Suppose first that $$(X, Y)$$ is uniformly distributed on $$S \times T$$. If $$A \in \mathscr S$$ and $$B \in \mathscr T$$ then $\P(X \in A, Y \in B) = \P[(X, Y) \in A \times B] = \frac{(\lambda \otimes \mu)(A \times B)}{(\lambda \otimes \mu)(S \times T)} = \frac{\lambda(A) \mu(B)}{\lambda(S) \mu(T)} = \frac{\lambda(A)}{\lambda(S)} \frac{\mu(B)}{\mu(T)}$ Taking $$B = T$$ in the displayed equation gives $$\P(X \in A) = \lambda(A) \big/ \lambda(S)$$ for $$A \in \mathscr S$$, so $$X$$ is uniformly distributed on $$S$$. Taking $$A = S$$ in the displayed equation gives $$\P(Y \in B) = \mu(B) \big/ \mu(T)$$ for $$B \in \mathscr T$$, so $$Y$$ is uniformly distributed on $$T$$. Returning to the displayed equation generally gives $$\P(X \in A, Y \in B) = \P(X \in A) \P(Y \in B)$$ for $$A \in \mathscr S$$ and $$B \in \mathscr T$$, so $$X$$ and $$Y$$ are independent.

Conversely, suppose that $$X$$ is uniformly distributed on $$S$$, $$Y$$ is uniformly distributed on $$T$$, and $$X$$ and $$Y$$ are independent.
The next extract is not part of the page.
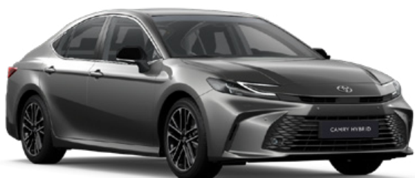
1L5 Stříbrnošedá speciální lak 25 000 Kč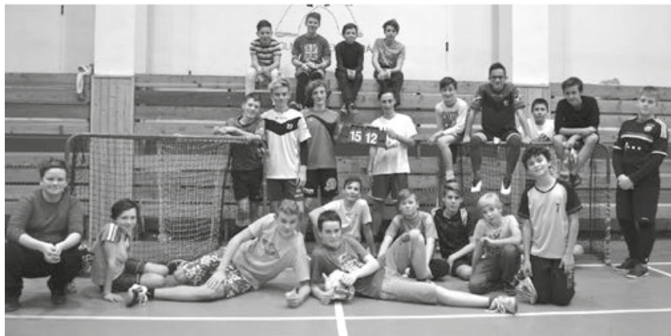
Ani v předvánočním shonu si milovníci fotbalu nenechali vzít svoji herní vášeň.

Then for $$A \in \mathscr S$$ and $$B \in \mathscr T$$, $\P[(X, Y) \in A \times B] = \P(X \in A, Y \in B) = \P(X \in A) \P(Y \in B) = \frac{\lambda(A)}{\lambda(S)} \frac{\mu(B)}{\mu(T)} = \frac{\lambda(A) \mu(B)}{\lambda(S) \mu(T)} = \frac{(\lambda \otimes \mu)(A \times B)}{(\lambda \otimes \mu)(S \times T)}$ It then follows (see the section on existence and uniqueness of measures) that $$\P[(X, Y) \in C] = (\lambda \otimes \mu)(C) / (\lambda \otimes \mu)(S \times T)$$ for every $$C \in \mathscr S \otimes \mathscr T$$, so $$(X, Y)$$ is uniformly distributed on $$S \times T$$.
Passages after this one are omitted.